Do you hear that? It’s the sound of Monterey/Carmel real estate prices rising as a worldwide television audience is treated to views of Pebble Beach Golf Links, Spyglass Hill, and Monterey Peninsula Country Club’s Shore Course in gorgeous, Chamber-of-Commerce weather on Day 1 of the 2020 AT&T Pebble Beach Pro-Am.

The vista of these three immaculately prepared courses under a brilliant, jewel-blue California sky is sure to have well-heeled residents of the storm-ridden, snowbound portions of the country looking to their 401K’s, calling their brokers, and checking real estate listings. But when I say well-heeled, I mean it – the median price of a home in Monterey hovers just under $800k; in Carmel it’s just north of $1.3M.

But enough about real estate, let’s talk about golf. The clear, calm weather that is producing the awe-inspiring views here in the Del Monte Forest is also allowing the players in the field to put up some impressive scores.

Canadian Nick Taylor parlayed a windless day on the easier of the three courses in the tournament rota into an eight-under 63 and the 18-hole lead. Playing MPCC back-side/front-side, the 31-year-old native of Winnipeg opened with an eagle-three on the par-5 tenth hole, then went on to card a pair of birdies before making the turn. He then bookended the front nine with matching pairs of birdies to close out the opening-round lead in his seventh appearance in this event.


Asked about the closing birdies, Taylor noted, “Finished with two great shots, a 5-iron and 3-iron on the last two holes to set up two birdies there; … 5-iron into 8, 3-iron off nine tee, the par-3.”

“This is one of my favorite events of the year every year. You just can’t beat these three golf courses; they’re so fun to play.”

Patrick Cantlay, the SoCal phenom who fought back from back issue
s early in his pro career, rode a roller coaster around Spyglass Hill today – alternating birdies and bogies for the first five holes, then lighting up the back nine with five birdies against one bogey, posting a first-round 66 (6-under) on the acknowledged most-difficult course in the tournament rota.

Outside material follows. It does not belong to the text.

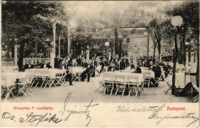 1906 Budapest XIV. Városliget, Wampetics F. vendéglője, kert pincérekkel. D. K. Bp. 1906. (EK)
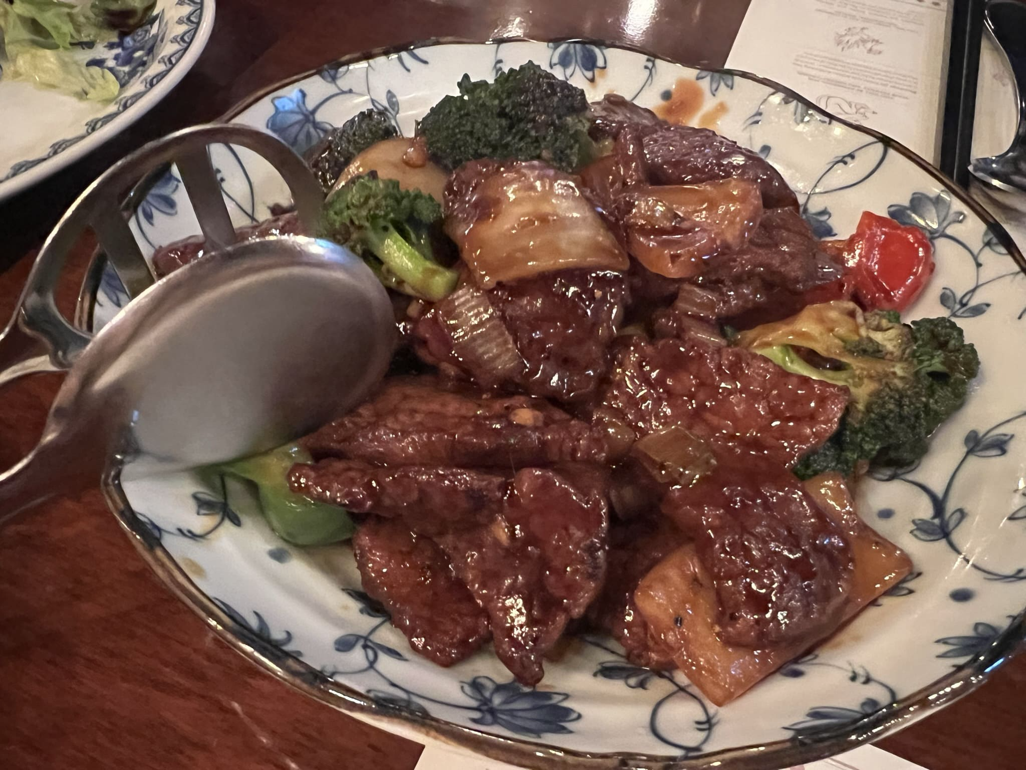 세트 메뉴중 첫 번째로 나온 요리는 몽골리안 비프입니다. 저희는 세트 B를 시켰는데, 몽골리안비프와 쓰촨비프 중 몽골리안 비프를 선택했습니다. 달콤 짭조름한 간장맛이 일품인 고기 볶음 요리였습니다. 은근히 양이 많아 3명 정도가 맛보며 먹기에는 충분한 양이었습니다.

Six-under rounds were also put up on Pebble Beach and MPCC Shore by Chase Seiffert and Harry Higgs, respectively.

Harold Varner III, who is making his first appearance at Pebble Beach since playing in the Champions Tour First Tee event 13 years ago, posted a 5-under round at Pebble Beach, carding three birdies a side, with a lone bogey on #12, the longest par-three on the course – and a deceptively difficult hole that has stunned more than one player over the years.

Another half-dozen players closed out their first round at five-under, including former Cal Men’s golf player Max Homa and Stockton native Ricky Barnes.

Former Stanford Men’s Golf star Maverick McNealy opened strong at Pebble Beach, carding three birdies on the front nine, but went a little flat on the second nine with no birdies, a bogey on the 11th hole, and a four-putt double-bogey seven on the 18th – a disappointing effort that was made even more painful by the two-foot bogey putt that horseshoed around the hole to leave an 18-incher for double. McNealy goes into the second round at even par.

San Jose’s Joseph Bramlett, another player who has battled back problems early in his career, closed in even-par 71 at MPCC Shore, with two bogies per side against a total of five birdies.

Second-round play starts Friday at 8:00 AM, with the weather forecast calling for continued clear and slightly cooler conditions.